*WHAT IS NEEDED*:
Your reply should contain nothing except the lines from the one with "Adoro a tendência" through the end of the listing below, reproduced exactly and stripped of pictures.

==================================================

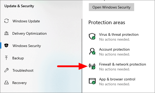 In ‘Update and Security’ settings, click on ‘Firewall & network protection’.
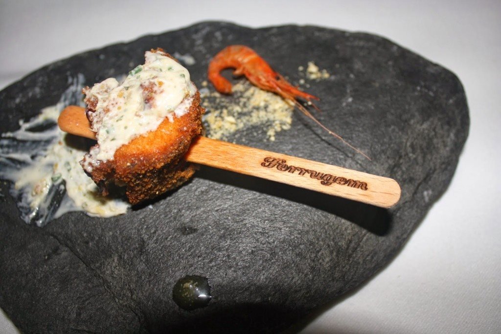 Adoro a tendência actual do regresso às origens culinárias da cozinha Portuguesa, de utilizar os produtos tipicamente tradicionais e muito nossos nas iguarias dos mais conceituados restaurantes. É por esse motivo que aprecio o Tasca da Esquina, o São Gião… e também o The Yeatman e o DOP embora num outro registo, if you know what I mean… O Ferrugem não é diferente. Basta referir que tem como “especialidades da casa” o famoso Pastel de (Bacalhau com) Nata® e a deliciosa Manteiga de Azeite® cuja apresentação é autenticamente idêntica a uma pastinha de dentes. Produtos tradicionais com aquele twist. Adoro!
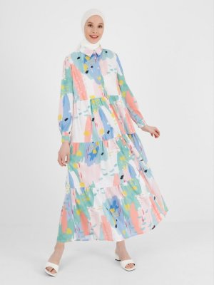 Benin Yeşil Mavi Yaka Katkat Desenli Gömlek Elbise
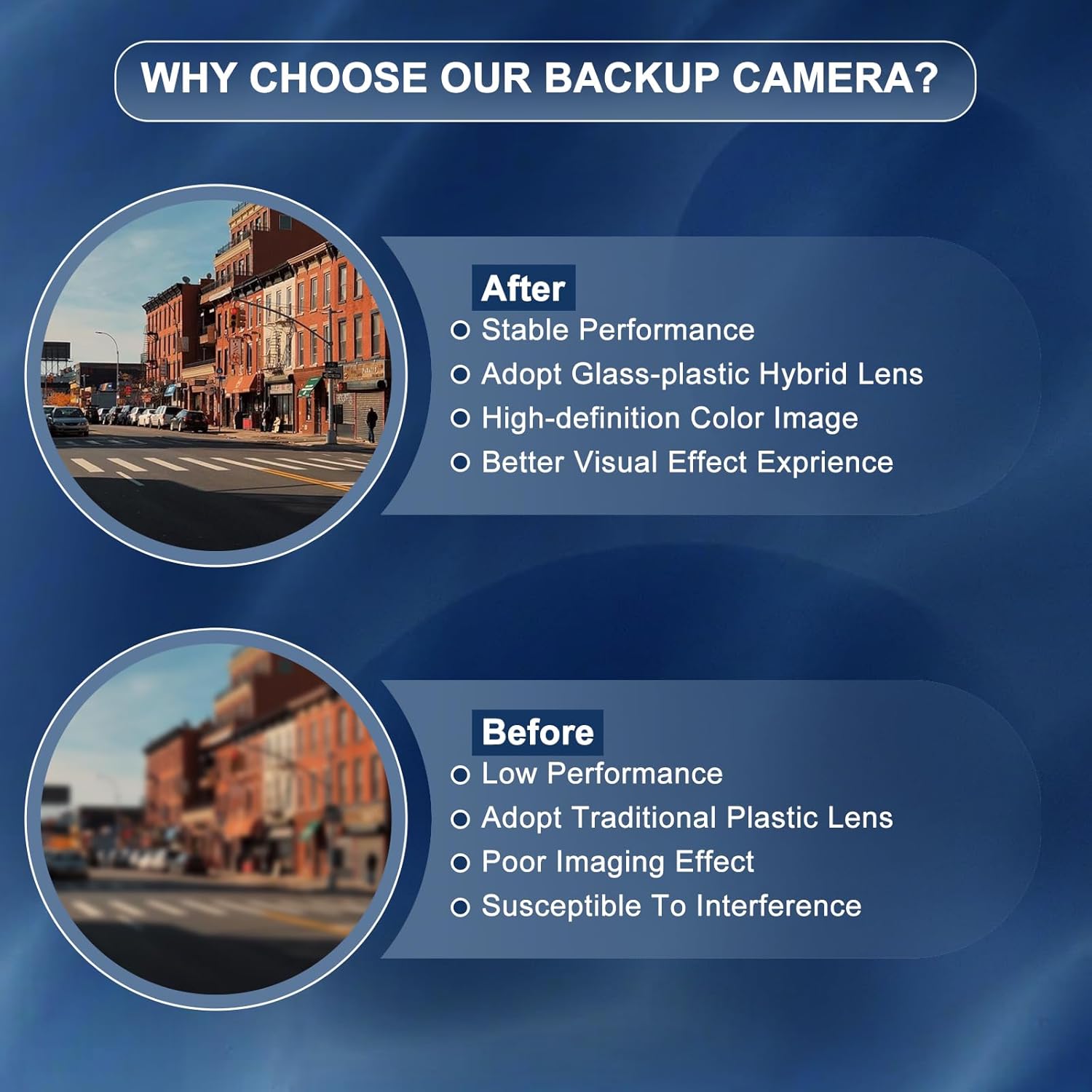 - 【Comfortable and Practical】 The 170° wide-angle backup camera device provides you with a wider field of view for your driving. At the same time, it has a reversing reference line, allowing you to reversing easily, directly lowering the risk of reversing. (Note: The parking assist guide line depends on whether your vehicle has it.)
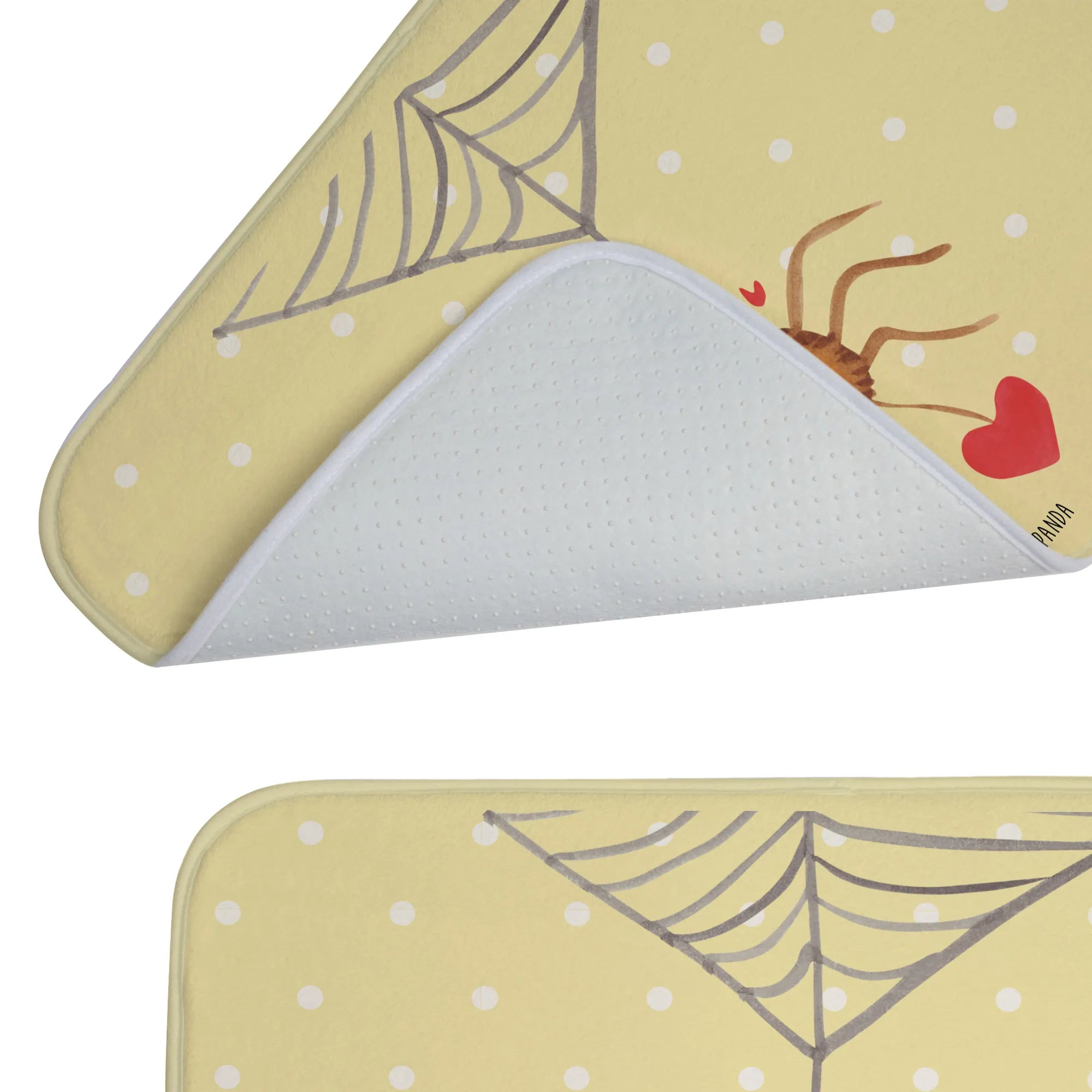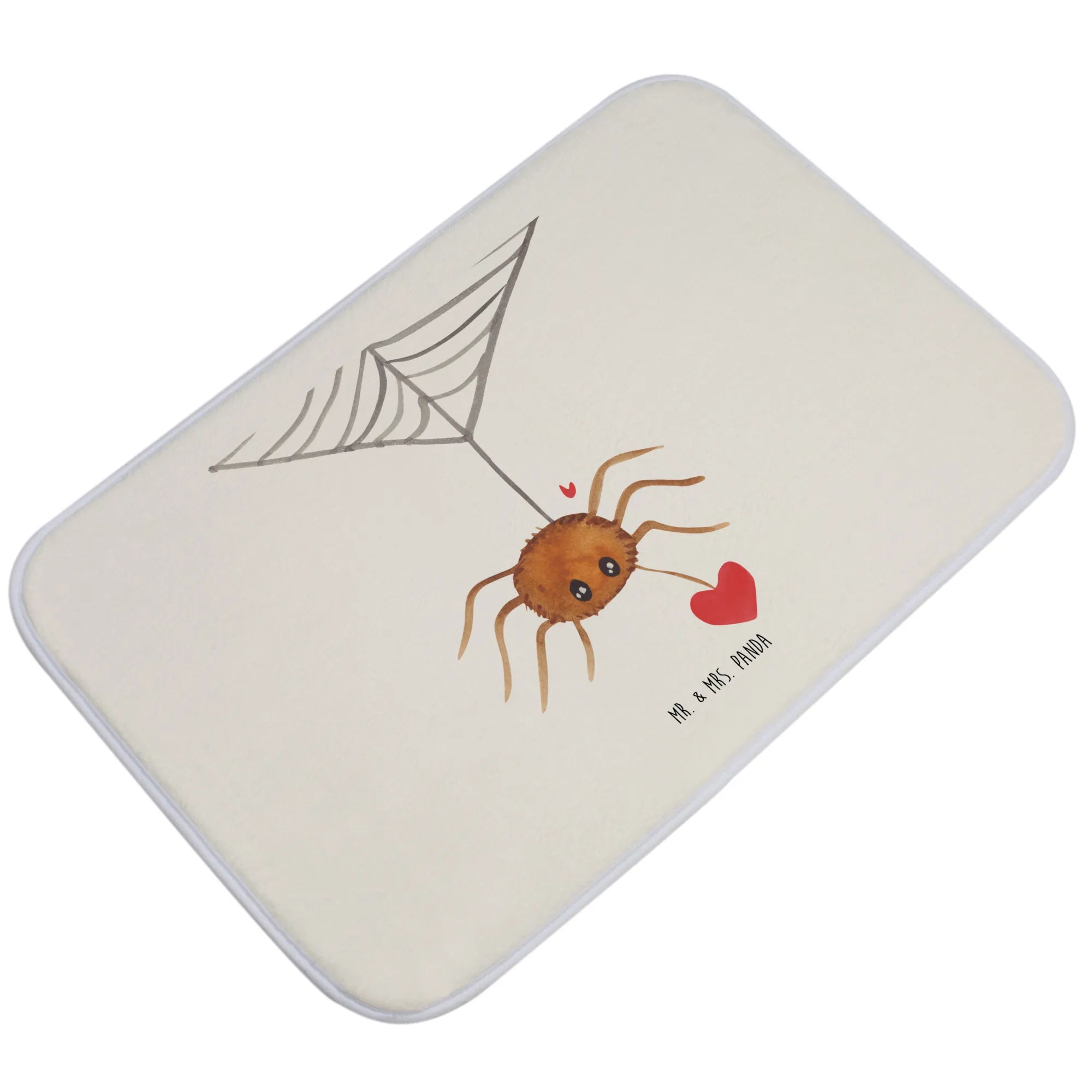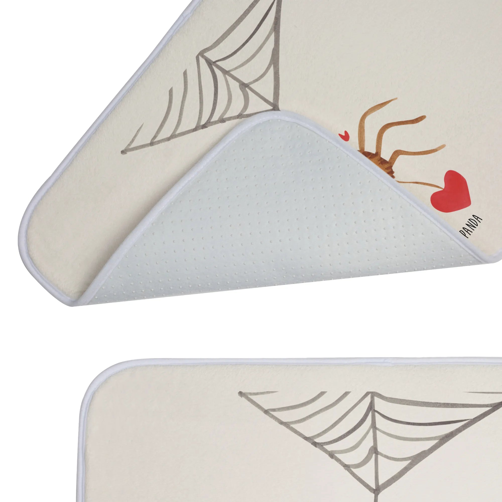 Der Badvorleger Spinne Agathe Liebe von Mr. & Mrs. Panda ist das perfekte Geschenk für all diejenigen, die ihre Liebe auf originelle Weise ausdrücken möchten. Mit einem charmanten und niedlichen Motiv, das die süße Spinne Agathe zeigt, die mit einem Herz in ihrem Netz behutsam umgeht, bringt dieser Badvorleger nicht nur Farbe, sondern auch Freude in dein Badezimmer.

==================================================

*ANSWER AREA*:
 Adoro a tendência actual do regresso às origens culinárias da cozinha Portuguesa, de utilizar os produtos tipicamente tradicionais e muito nossos nas iguarias dos mais conceituados restaurantes. É por esse motivo que aprecio o Tasca da Esquina, o São Gião… e também o The Yeatman e o DOP embora num outro registo, if you know what I mean… O Ferrugem não é diferente. Basta referir que tem como “especialidades da casa” o famoso Pastel de (Bacalhau com) Nata® e a deliciosa Manteiga de Azeite® cuja apresentação é autenticamente idêntica a uma pastinha de dentes. Produtos tradicionais com aquele twist. Adoro!
 Benin Yeşil Mavi Yaka Katkat Desenli Gömlek Elbise
 - 【Comfortable and Practical】 The 170° wide-angle backup camera device provides you with a wider field of view for your driving. At the same time, it has a reversing reference line, allowing you to reversing easily, directly lowering the risk of reversing. (Note: The parking assist guide line depends on whether your vehicle has it.)
 Der Badvorleger Spinne Agathe Liebe von Mr. & Mrs. Panda ist das perfekte Geschenk für all diejenigen, die ihre Liebe auf originelle Weise ausdrücken möchten. Mit einem charmanten und niedlichen Motiv, das die süße Spinne Agathe zeigt, die mit einem Herz in ihrem Netz behutsam umgeht, bringt dieser Badvorleger nicht nur Farbe, sondern auch Freude in dein Badezimmer.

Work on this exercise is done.